— Task description —
At the line that holds "Non 2016年12月15日 21:19", start repeating, and keep going exactly through the final line of the material; include both ends and skip the pictures.

— Recorded information —
****************
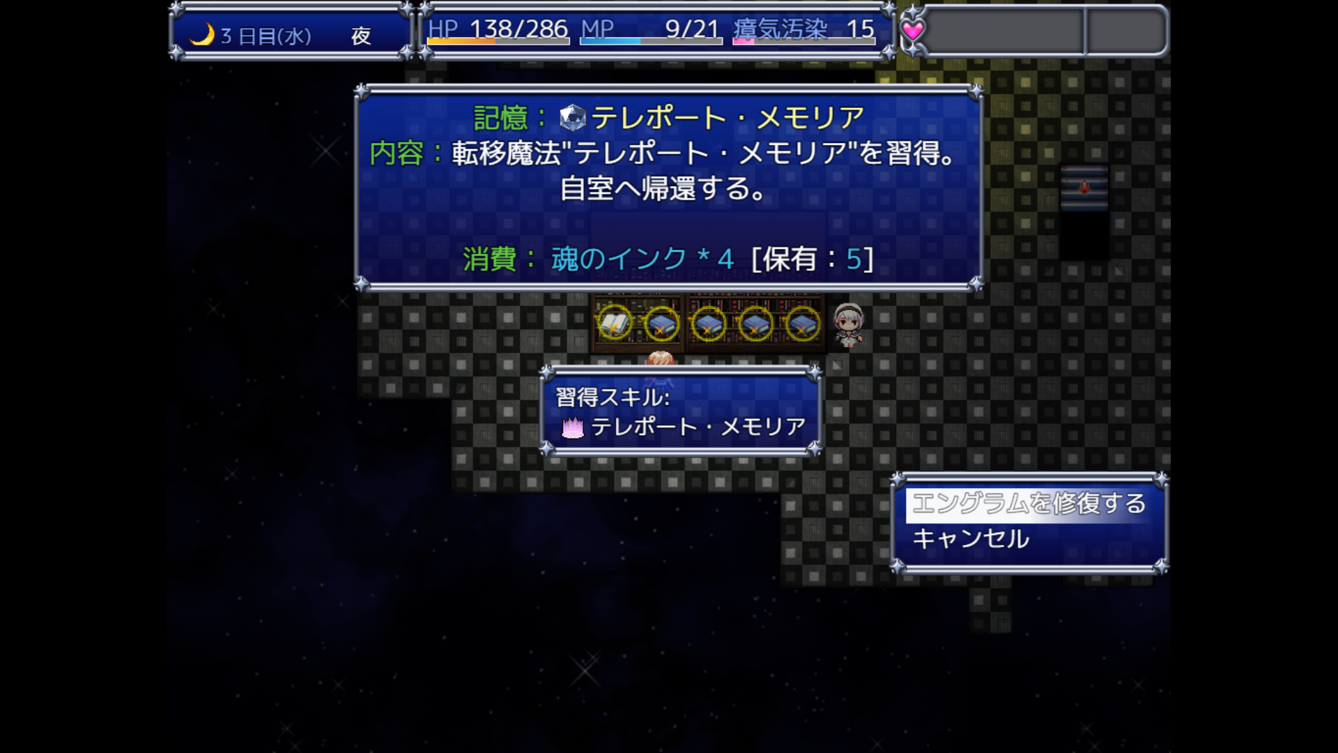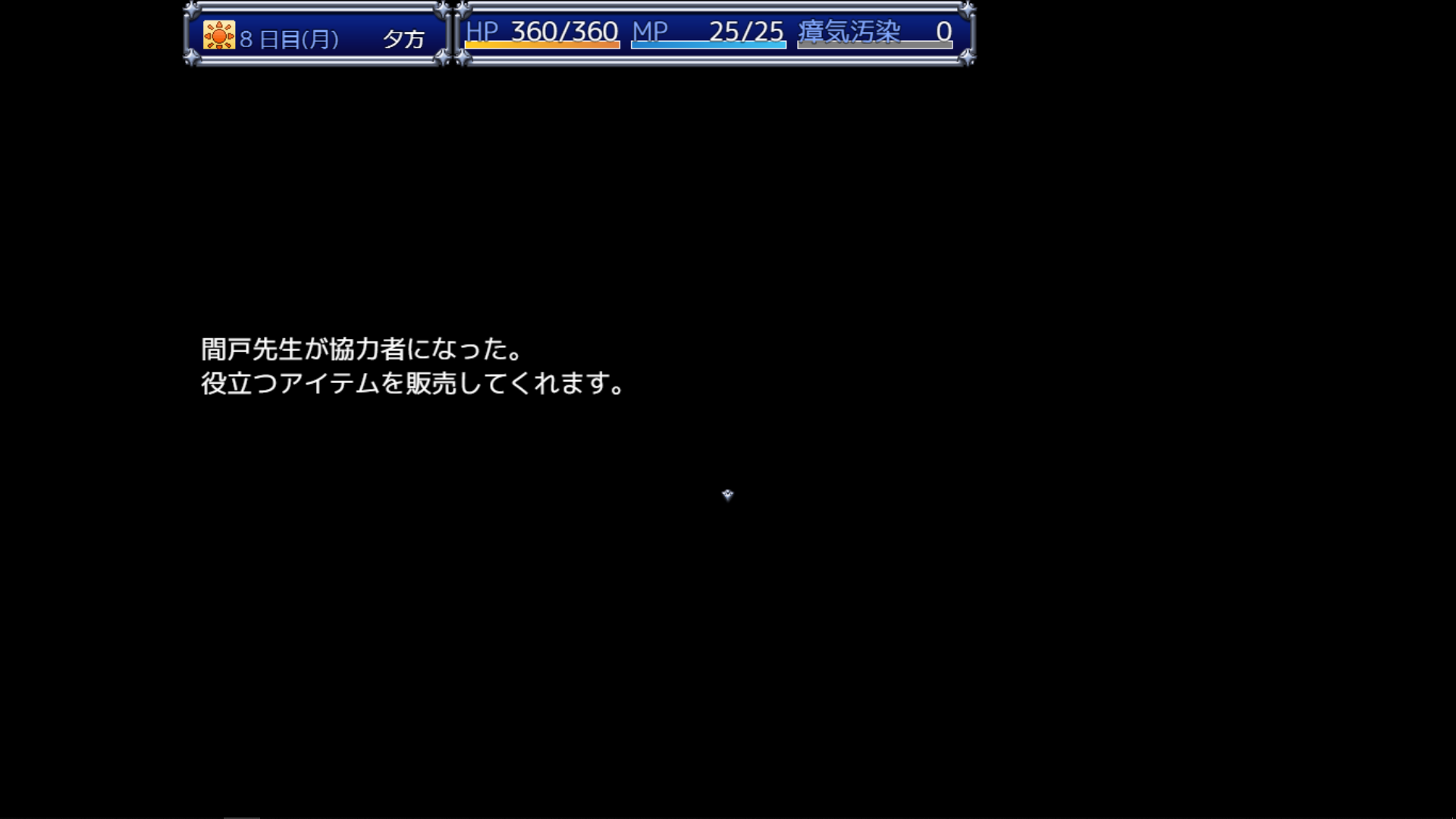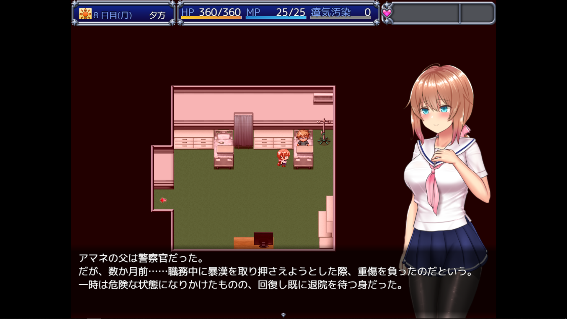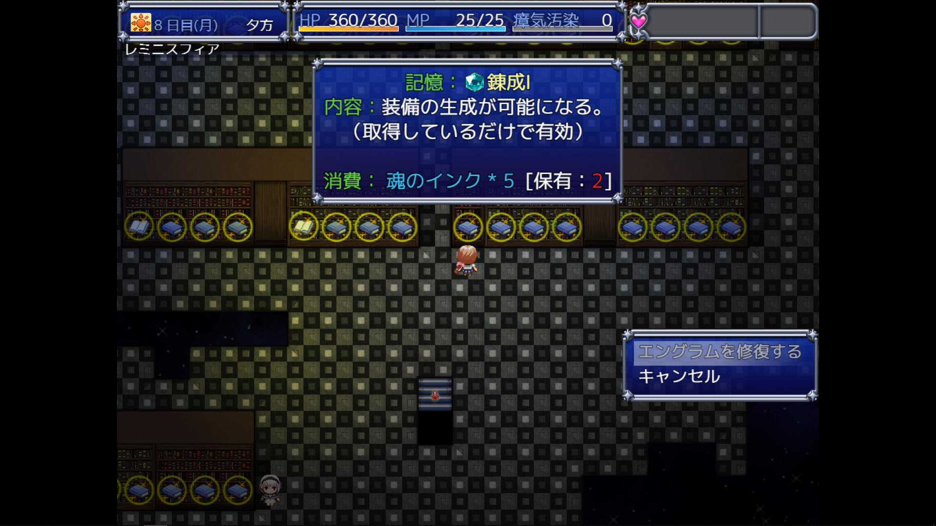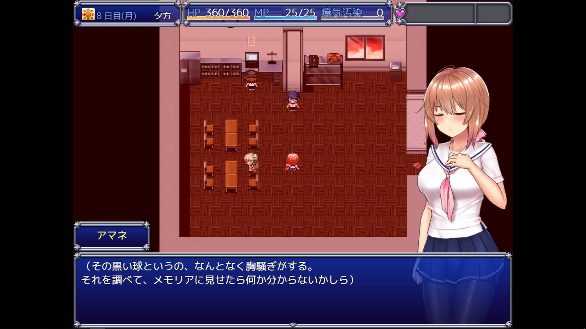 드디어 1챕터입니다책은 주워둡시다촬영을 하면5천엔을 얻을 수 있습니다바로 나갑시다주택가로 가서몇몇 곳은 돈을 주고 시간을 보낼 수 있는데 딱히 쓸일은 없었던거 같습니다스텟이 쥐꼬리만큼 오릅니다장기를 조사해줍시다아래로 가서답은 여기준비를 하고 가자고 합니다장기도에 주의 100을 넘으면 강제로 귀환을 하게 됩니다그리고 이게 높은 상태로 잘 시 침식도가 증가하게 됩니다 당장은 아니지만 침식도도 100을 넘으면 게임오버죽 탐험하도록 합시다뒤를 공격할 시 선공을 잡게 되니 꼭 뒤를 노리도록 합시다심심해서 져봤는데굳이 초반에 죽어갈 필요는 없을 듯 합니다메모리아가 구출해줍니다지배도가 높을 수록 탈출이 힘들어 집니다베하에서 특정접을 잡으면 트로피를 준다는데 버그인지 안줍니다아침에 학교는 꼭 갑시다평판이 깍이는 일 따윈 용납하지 않는 스타일이곳저곳 둘러볼 수는 있는데 별건 없습니다학원이벤트의 반은 학원평가가 낮을 때 발생합니다이걸 사긴 했는데 개인적으로 백화점의 크리 10퍼증가가 제일 좋았습니다메달교환은이게 초반에 제일 좋긴합니다 계속 부족한게 영혼입니다이런건 딱히 필요는 없었습니다이거도 막상 사니 게임이 거의 끝나가서 의미없고 다른거도 은근 수치를 깨작깨작줘서 얻는게 더 귀찮았습니다포션은 초반만 든든히 챙겨가면 됩니다반창고도 풀매수이게 젤 좋습니다템도 잘 주워주시고하트하트 몹혼자있음 좀 덜아픈데 여러명일경우 일방적으로 맞아서 아픕니다죽죽 안으로 들어가도록 합시다이제부터 슬슬등장하는 함정들입니다만 여기서 포션다써서 귀환좀 낭낭하게 주지이건 사도 큰 의미는 없으니 클리어하고 사도록 합시다기억들은 나중에 엔딩볼려면 다 사야합니다이건 사던말던이거도 필수인게혼의 정화스킬이 교환율 증가라 꼭 사야합니다다시 진입말이 함정이지 뭐 딱히 위협적이진 않습니다템줍줍이걸 작동시키면 지름길이 생깁니다안쪽에 보스몹이건 하루 한번 전회복을 시켜줍니다보스전괴마의 진화형인 괴인들입니다그냥 잡아줍시다클리어세레스포니아의 정보가 퍼지기 시작하고시민평가와 지명도가 오르기 시작합니다챕터 2입니다해맑일단 병원으로 가보라고 합니다학교 주위를 돌며 메달을 주워줍시다수영부에 하즈키가 있는데여기서 수영을 해서 체력을 올릴 수 있습니다부적샀는데 하즈키의 집에 하나 있던...여기도 체육복이 있으면 운동을 할 수 있는데 베하기준 선공을 뻇긴적이 없어서 의미가 있나 싶습니다여기 아빠가 있는데업무중 사고를 당했군요저 경감은 사실 아빠 직장동료였군요아빠의 상처는 괴인들이 준거였습니다 적과 싸워야 할 이유가 늘어났습니다메모리아에게 가야하군요학원을 다니면서 괴인과 싸우는건 힘들테니미법인형을 만들어줍니다근데 영혼도 소비하고 평판도 안올라가서 그냥 100만들때 까진 다니기로 했습니다대출가능솔직히 제가 쓸 영혼도 없어 죽겠습니다기억을 사봤는데 설정이야기더군요강대한 괴마 아포류온이란 존재가 있습니다문젠 불사신에다가 부활할 때마다 모습 능력 약점도 변합니다 어캐잡음해서 이에 대처하기 위해 많은 전투의 지식등을 기록해 놓은게 메모리아 입니다당연하지만 이 전에도 많은 소유주가 있었습니다이거도 사봤습니다가지고만 있어도 되는군요장비는 직접만들어야 하는데또 영혼이 들어갑니다무기도 영혼이 들어갑니다탐색은 사도그만 안사도 그만어짜피 뒤만 노릴거라 대부분 의미가 없습니다여기도 화학선생이 출몰매우 수상쩍은 사람입니다이제부터 아이템을 만들 수 있습니다레네게이드에 대해 아냐도 묻는데 몰라요최근 여기저기서 보이는 이상한 옷을 입는 녀석들입니다이상한 구체를 설치하고 다닌다고 합니다이제부터 적을 잡으면 지원금같은 격파보너스가 들어옵니다또한 미션이 등장합니다살건딱히 없습니다이런건 너무 비싸요장비는 솔직히 대부분 만드는게 더 귀찮습니다설비는 돈을 투자해야 합니다비쌈임무를 받을 수 있는데 죄다 지금 못깹니다일단 받아두도록 하죠프리미션은 이렇게 맵에서 곧장갈 수 있습니다
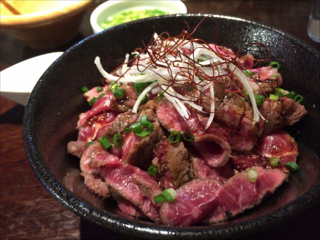 Non 2016年12月15日 21:19 恵比寿東口から徒歩5分くらいの路地裏にある「89BAL(ヤクバル)」。 肉師が厳選した黒毛和牛のたたき丼の肉大盛りバージョン。 肉はさっと炙った感じでかなりレアな仕上がり。 ちょっと厚めに切って...
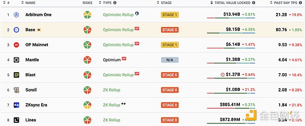 L2的TVL排名,來源:L2beat,2024/10/31
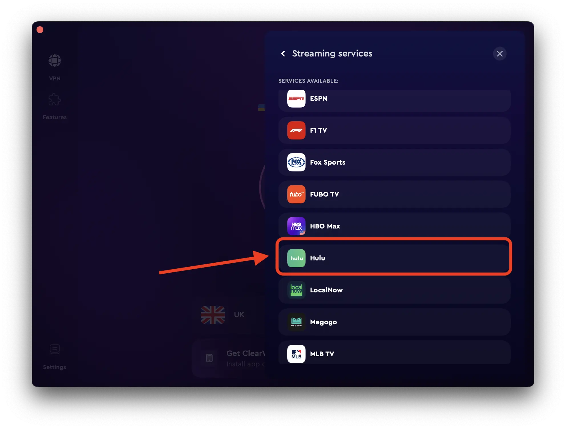 - 然後,選擇您希望取消阻止的流服務。在這種情況下,Hulu。
****************
— Solution to this problem —
 Non 2016年12月15日 21:19 恵比寿東口から徒歩5分くらいの路地裏にある「89BAL(ヤクバル)」。 肉師が厳選した黒毛和牛のたたき丼の肉大盛りバージョン。 肉はさっと炙った感じでかなりレアな仕上がり。 ちょっと厚めに切って...
 L2的TVL排名,來源:L2beat,2024/10/31
 - 然後,選擇您希望取消阻止的流服務。在這種情況下,Hulu。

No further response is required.